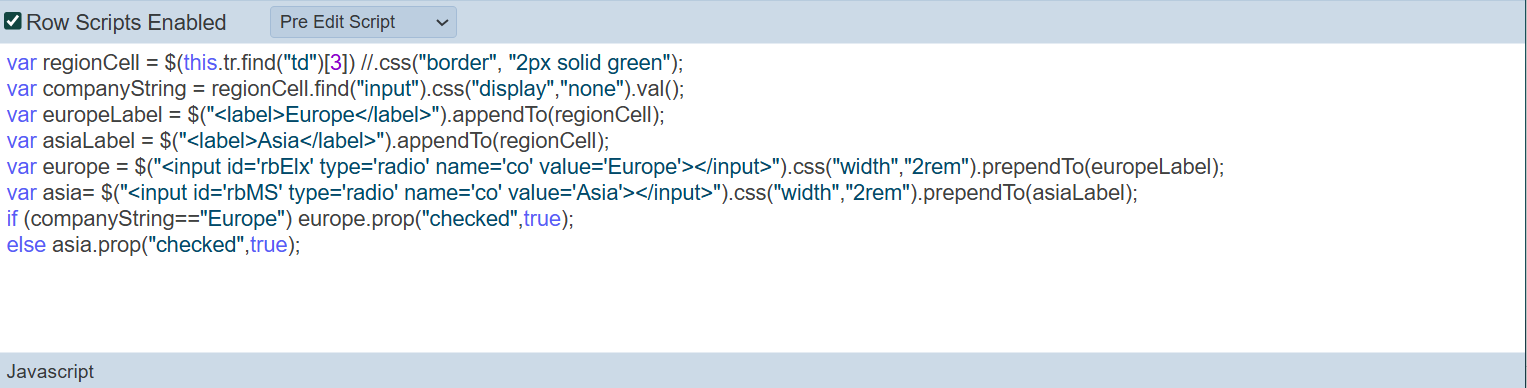 The code in the “Pre Edit Script” access the Region field and displays the options as radio buttons instead of textbox. It allows for the user to select when the
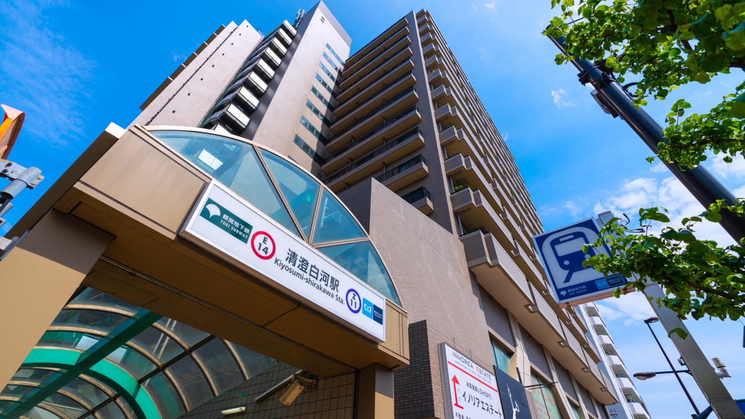 清澄白河駅には、都営地下鉄大江戸線と東京メトロ半蔵門線の2路線が乗り入れており、新宿駅までは大江戸線で約30分、大手町駅まで半蔵門線で約7分と都心へのアクセスが便利です。このエリアには坂道がほとんどなく歩道が広いので、隣の東西線・門前仲町駅まで徒歩13分ほどで行けます。
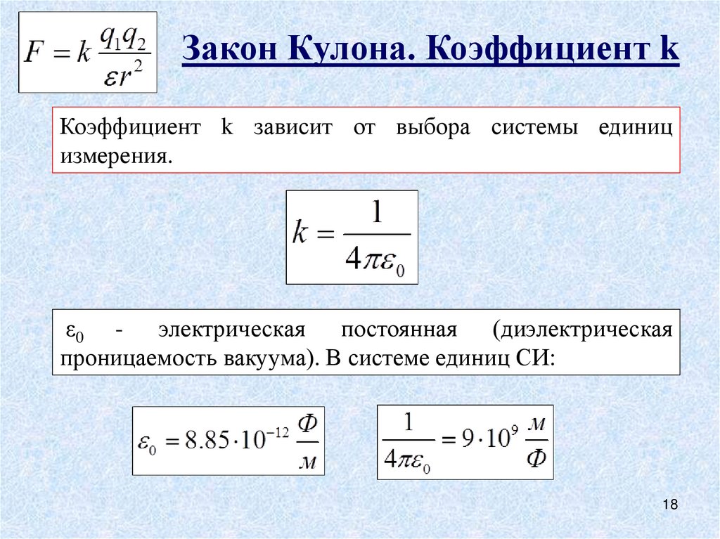 Закон Кулона. Коэффициент kКоэффициент k зависит от выбора системы единиц
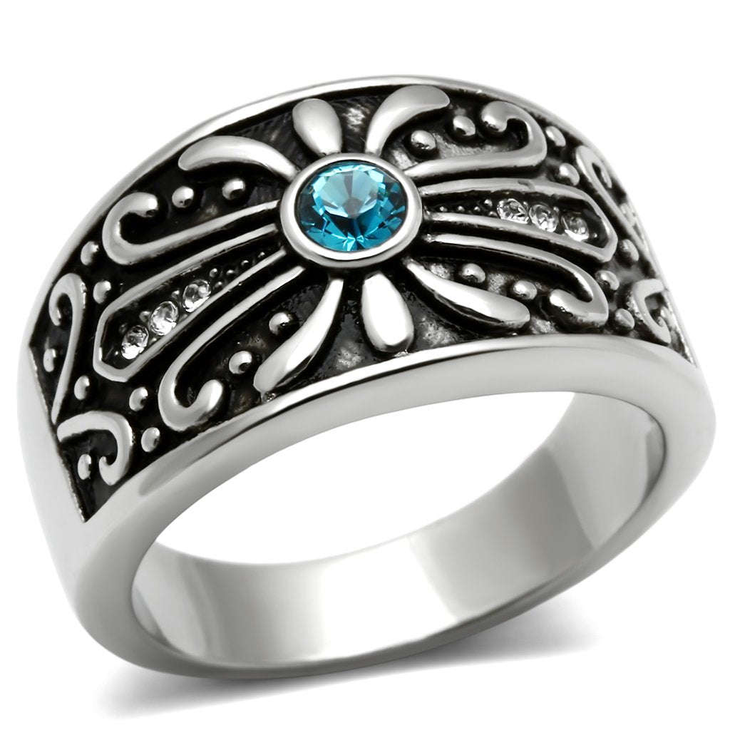 High Polished Stainless Steel Ring with Top Grade Crystal in Capri Blue for Women - Style TK377
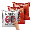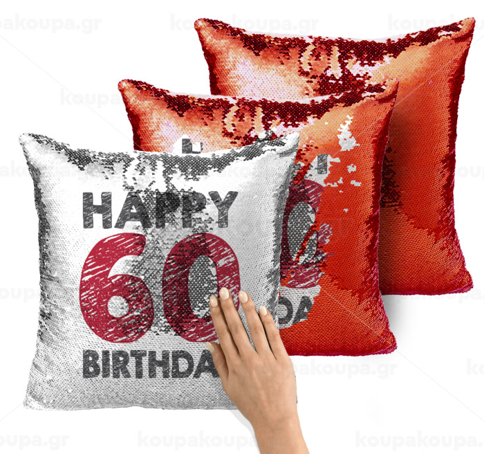 Happy 60 birthday!!!, Μαξιλάρι καναπέ Μαγικό Κόκκινο με πούλιες 40x40cm περιέχεται το γέμισμα
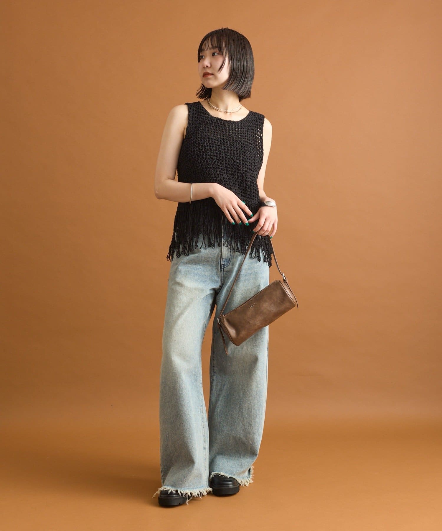 ・ショートのボトムスと合わせて、フリンジの可愛さを主役にするのも♡
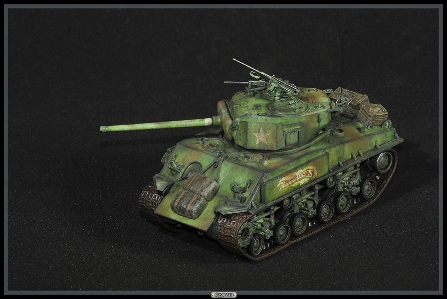Sherman M4A3E8 HVSS — крепыш Strosek Dragon, 1:72 =============================== Модель странная, это я про качество. Понятно, что это сборка с миру по нитке, поэтому часть литников весьма неплохая, часть — жуть. Сборка подвески отдельная песня, все на соплях, все хлипкое. Это хорошо видно на фотографиях, катки все в разные стороны едут. Кое какое травление присутствует, по верху претензий нет. Окраска без откровений, все как обычно. Немного распечатанного барахлишка повесил, для антуража. ================================ ===============================
○ ○ ○ ○
=== WHAT YOU WILL DO ===
Go from the first line of the data above to the line containing "High Polished Stainless" and retype exactly those lines, both included, but none of the pictures.

=== ANSWER FOR THE TASK ===
 The code in the “Pre Edit Script” access the Region field and displays the options as radio buttons instead of textbox. It allows for the user to select when the
 清澄白河駅には、都営地下鉄大江戸線と東京メトロ半蔵門線の2路線が乗り入れており、新宿駅までは大江戸線で約30分、大手町駅まで半蔵門線で約7分と都心へのアクセスが便利です。このエリアには坂道がほとんどなく歩道が広いので、隣の東西線・門前仲町駅まで徒歩13分ほどで行けます。
 Закон Кулона. Коэффициент kКоэффициент k зависит от выбора системы единиц
 High Polished Stainless Steel Ring with Top Grade Crystal in Capri Blue for Women - Style TK377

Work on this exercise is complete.